The task: Everything from the line that holds "जिले के नामचीन" through the end of the listing below must be retyped word for word, without any pictures.
(Material shown)
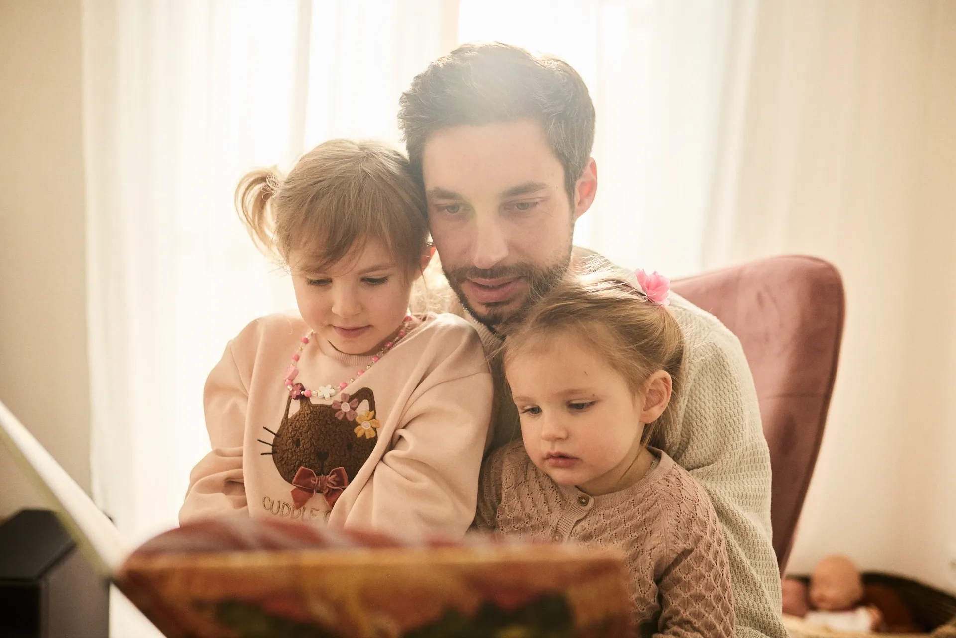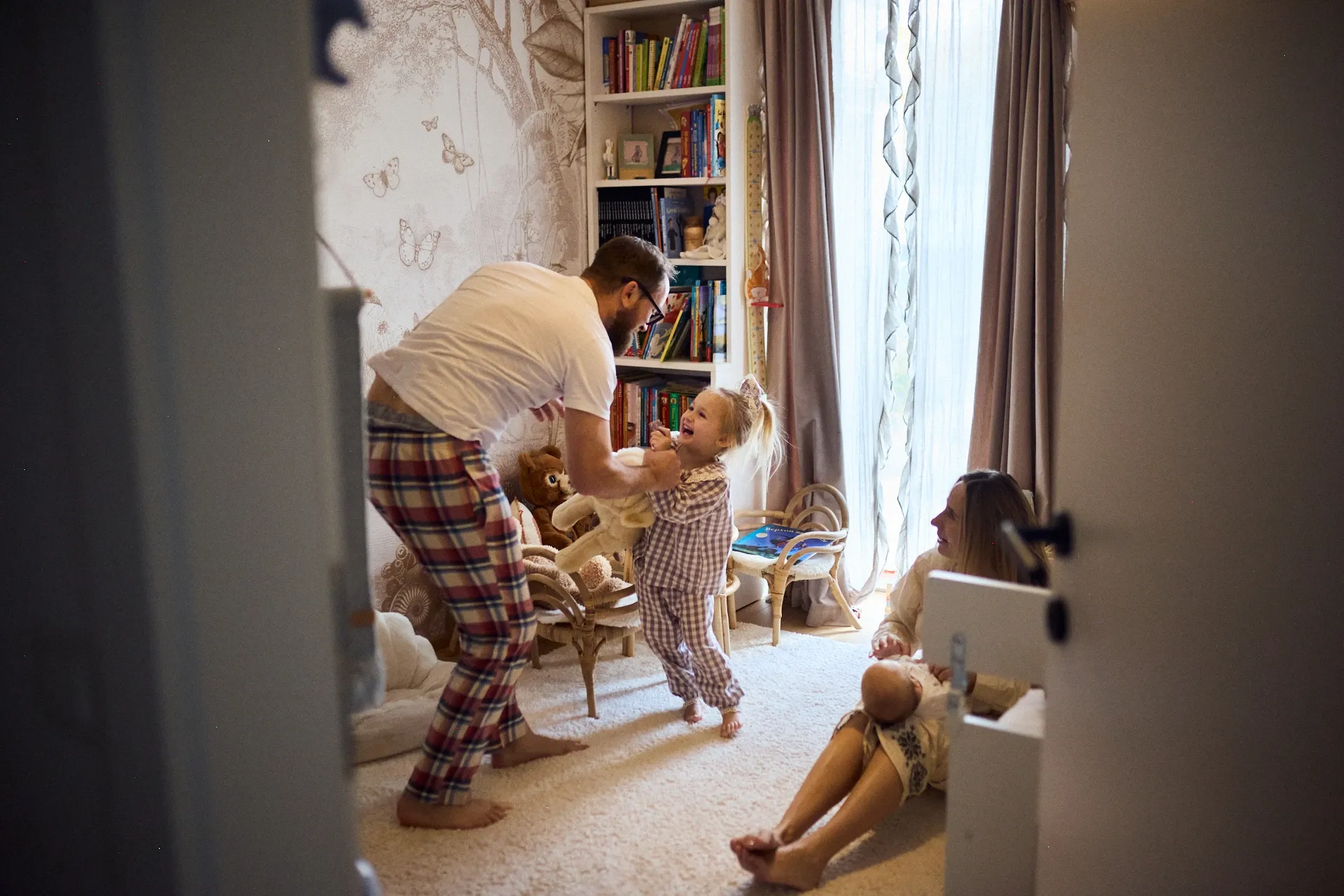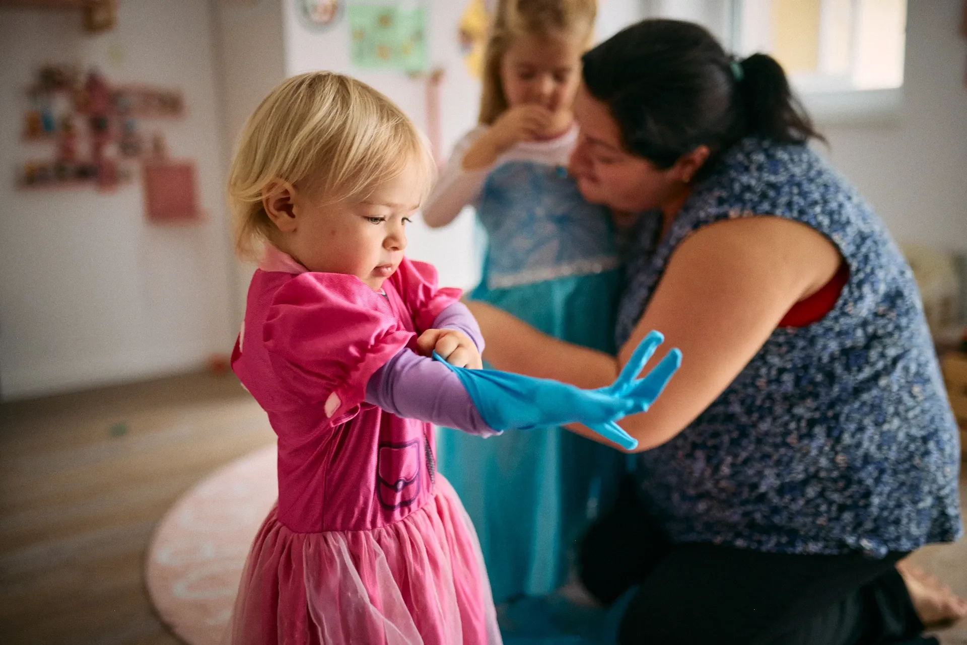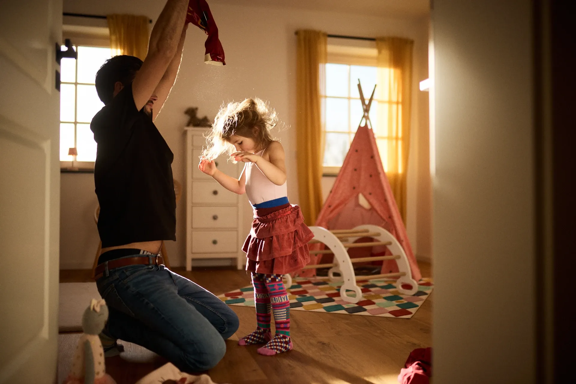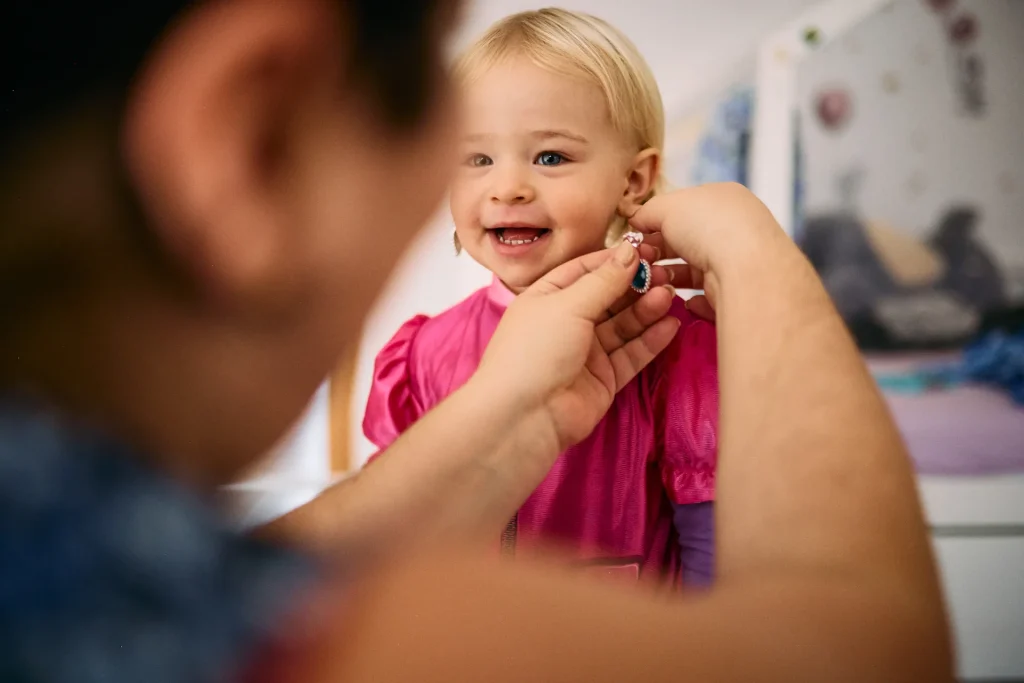 Strumpfhosen anziehen, lachen, Buch schauen, liebevoll in die Augen gucken zu sanften
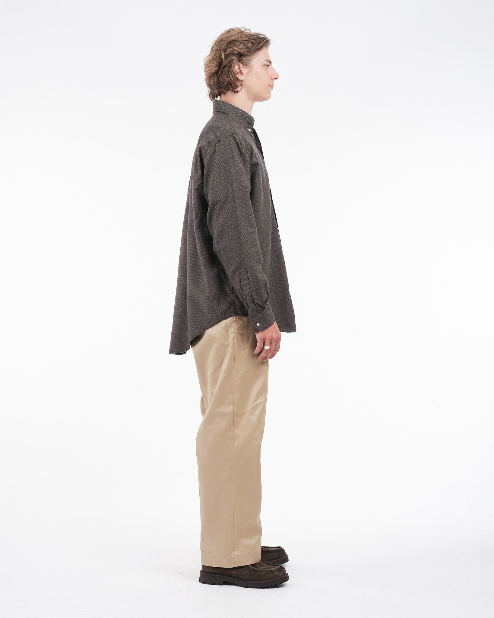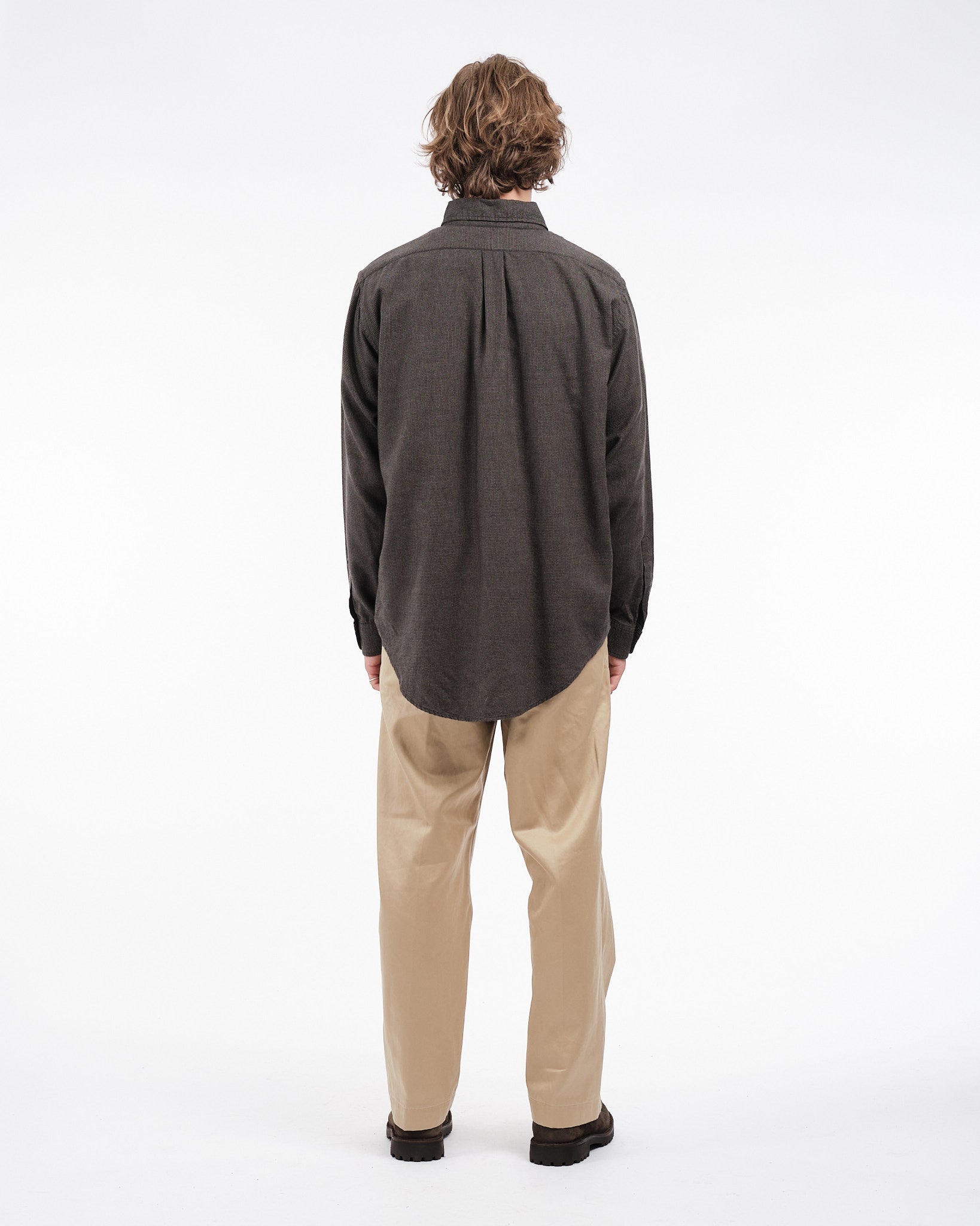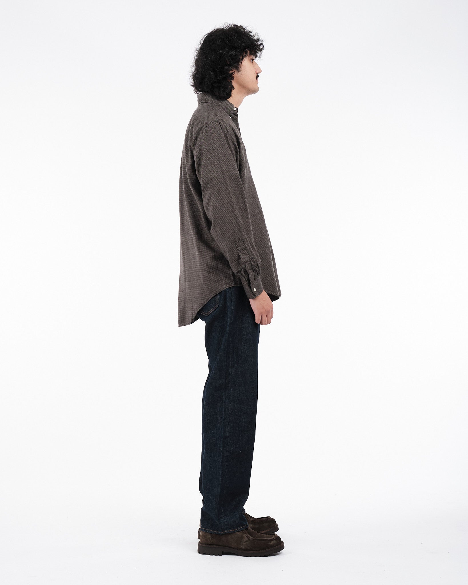 Presenting the Charcoal Gray Orslow Standard Button Down Shirt, made in Japan. This shirt is created from a cotton and lyocell fabric blend with a micro check pattern providing a lightweight yet sturdy feel. The classic button down collar, adorned with Mother Of Pearl buttons brings an everlasting elegance to this essential piece of clothing. Perfect, for changing seasons this shirt guarantees both comfort and style without compromise.
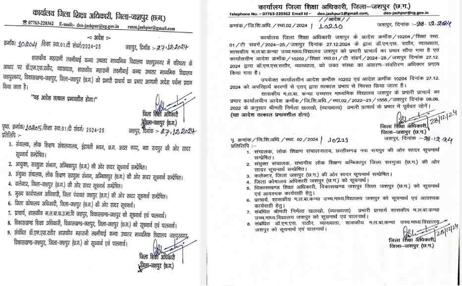 जिले के नामचीन म ल बा उच्चतर माध्यमिक विद्यालय जशपुर के प्राचार्य को हटाकर दूसरे प्राचार्य को प्रभार दे दिया गया लेकिन रातों रात आदेश बदल गया और उसी प्राचार्य को पुनः पदस्थ कर दिया गया।
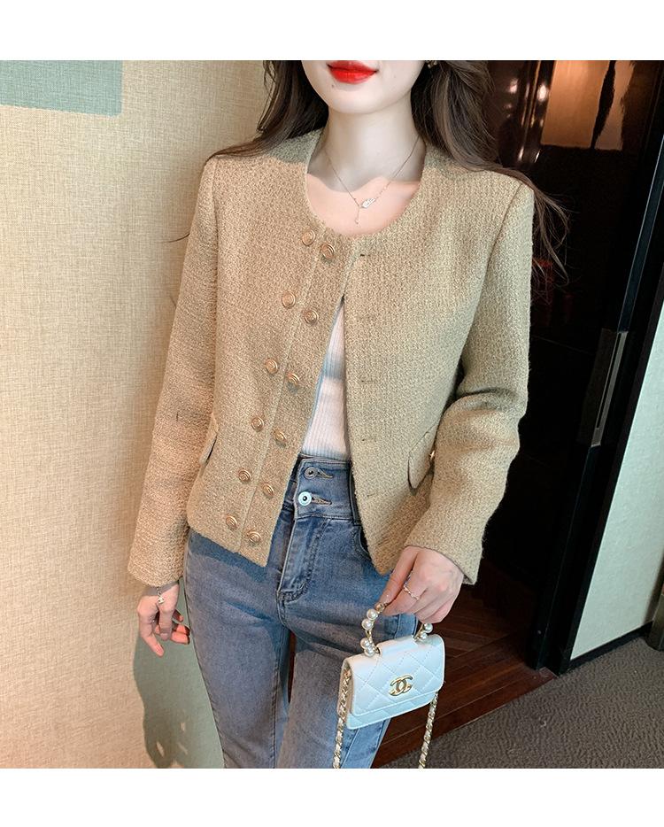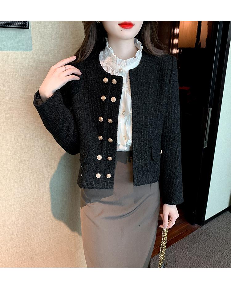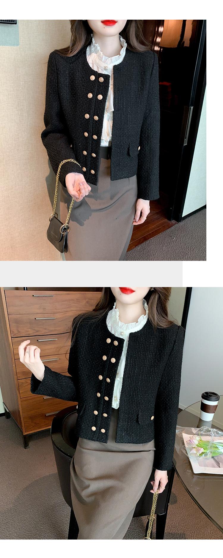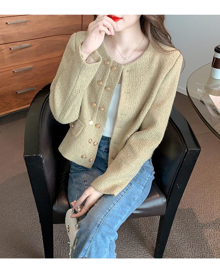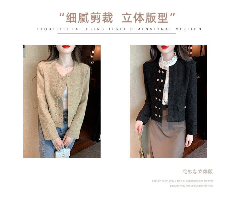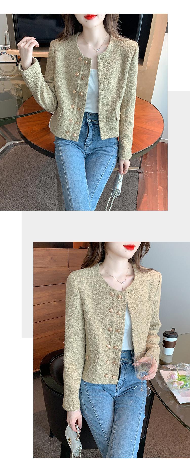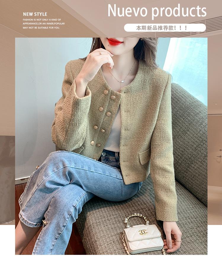 Chaqueta Corta Estilo Tweed para Mujer 2025 Otoño Nuevo Diseño Doble Botonadura Top Moderno y Versátil
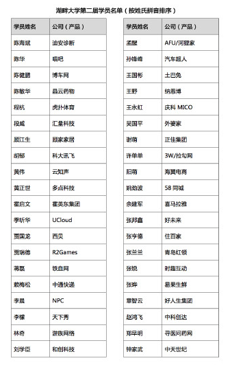 附湖畔大學(xué)第二期學(xué)員名單:
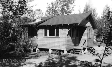 Parks Canada records confirm that, “The development of another bungalow camp known as Kapasiwin Bungalows was undertaken by J.E. Mitchell of Prince Albert in 1948. Located about two miles north of the business section of Waskesiu Townsite … on the Heart Lakes road, the site commanded a fine view of Waskesiu Lake. By 1949, Mitchell had erected 20 cabins and qualified for a long term licence….Later, he added 15 more cabins and a manager’s residence to the development. On the death of the licensee in 1972, the leasehold title and operation of the camp was taken over by his widow, Della L. Mitchell.”
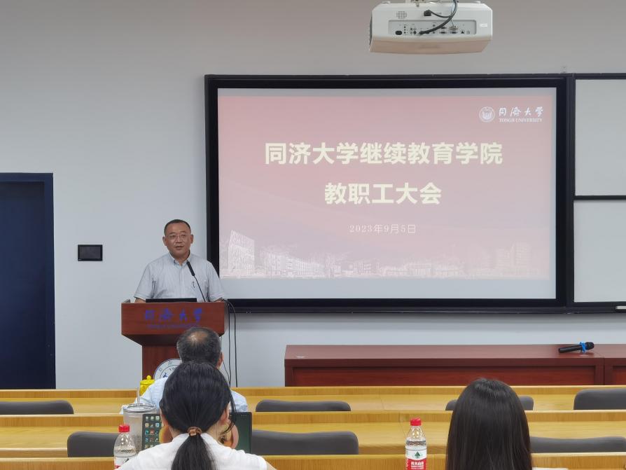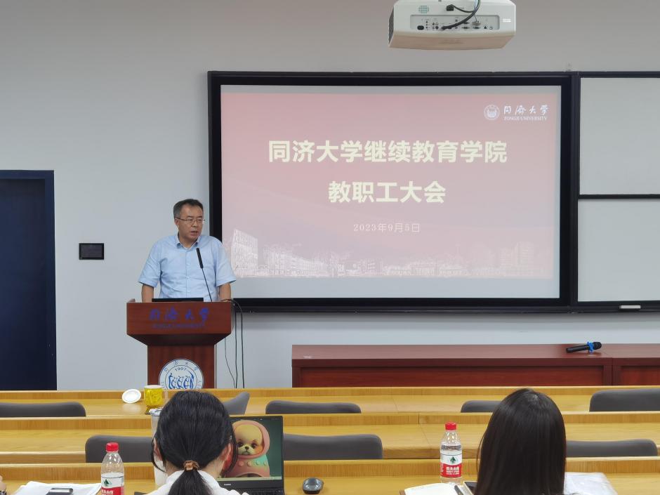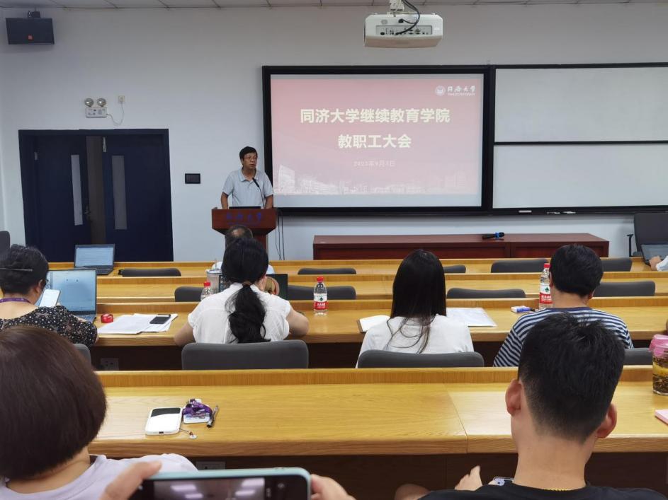 9月5日,韦德体育官方网站在四平路校区第一教学楼附楼204会议室召开了2023年秋季学期全院教职工大会。韦德体育继续教育公司党委副书记、经理金福安出席会议并做总结讲话,副经理陈宇光、考书健就分管块面工作分别进行了阶段性总结和布置,党委副书记张俊生主持会议。本次教职工大会凝聚了人心,统一了思想,为公司的未来发展指明方向,为新学期工作提供了指引。
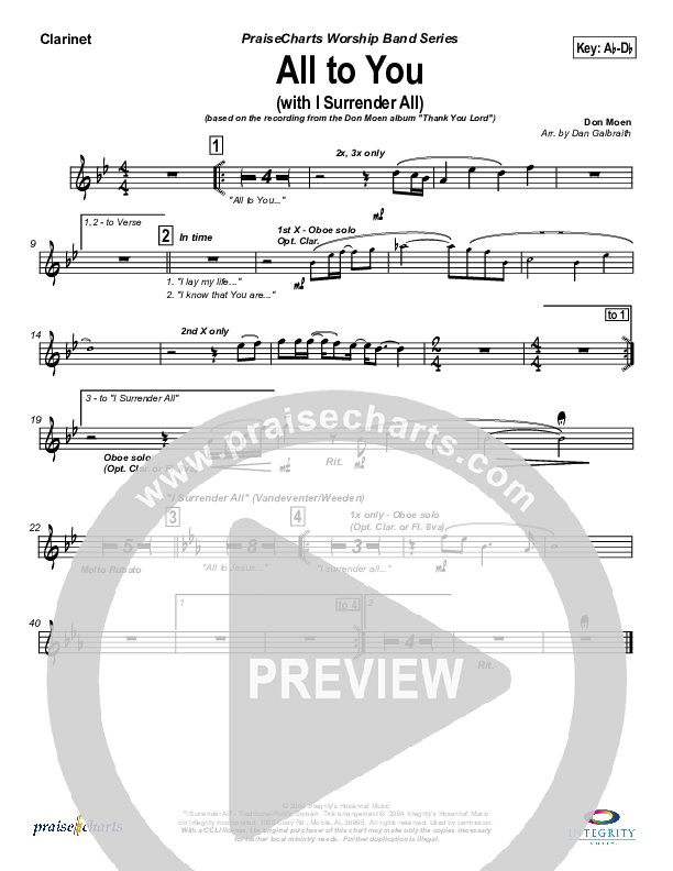 Download the Orchestration for All To You (with I Surrender All) by Don Moen, from the album Thank You Lord. This song was arranged by Daniel Galbraith in the key of Ab, G.
(End Material shown)
Task response:
 जिले के नामचीन म ल बा उच्चतर माध्यमिक विद्यालय जशपुर के प्राचार्य को हटाकर दूसरे प्राचार्य को प्रभार दे दिया गया लेकिन रातों रात आदेश बदल गया और उसी प्राचार्य को पुनः पदस्थ कर दिया गया।
 Chaqueta Corta Estilo Tweed para Mujer 2025 Otoño Nuevo Diseño Doble Botonadura Top Moderno y Versátil
 附湖畔大學(xué)第二期學(xué)員名單:
 Parks Canada records confirm that, “The development of another bungalow camp known as Kapasiwin Bungalows was undertaken by J.E. Mitchell of Prince Albert in 1948. Located about two miles north of the business section of Waskesiu Townsite … on the Heart Lakes road, the site commanded a fine view of Waskesiu Lake. By 1949, Mitchell had erected 20 cabins and qualified for a long term licence….Later, he added 15 more cabins and a manager’s residence to the development. On the death of the licensee in 1972, the leasehold title and operation of the camp was taken over by his widow, Della L. Mitchell.”
 9月5日,韦德体育官方网站在四平路校区第一教学楼附楼204会议室召开了2023年秋季学期全院教职工大会。韦德体育继续教育公司党委副书记、经理金福安出席会议并做总结讲话,副经理陈宇光、考书健就分管块面工作分别进行了阶段性总结和布置,党委副书记张俊生主持会议。本次教职工大会凝聚了人心,统一了思想,为公司的未来发展指明方向,为新学期工作提供了指引。
 Download the Orchestration for All To You (with I Surrender All) by Don Moen, from the album Thank You Lord. This song was arranged by Daniel Galbraith in the key of Ab, G.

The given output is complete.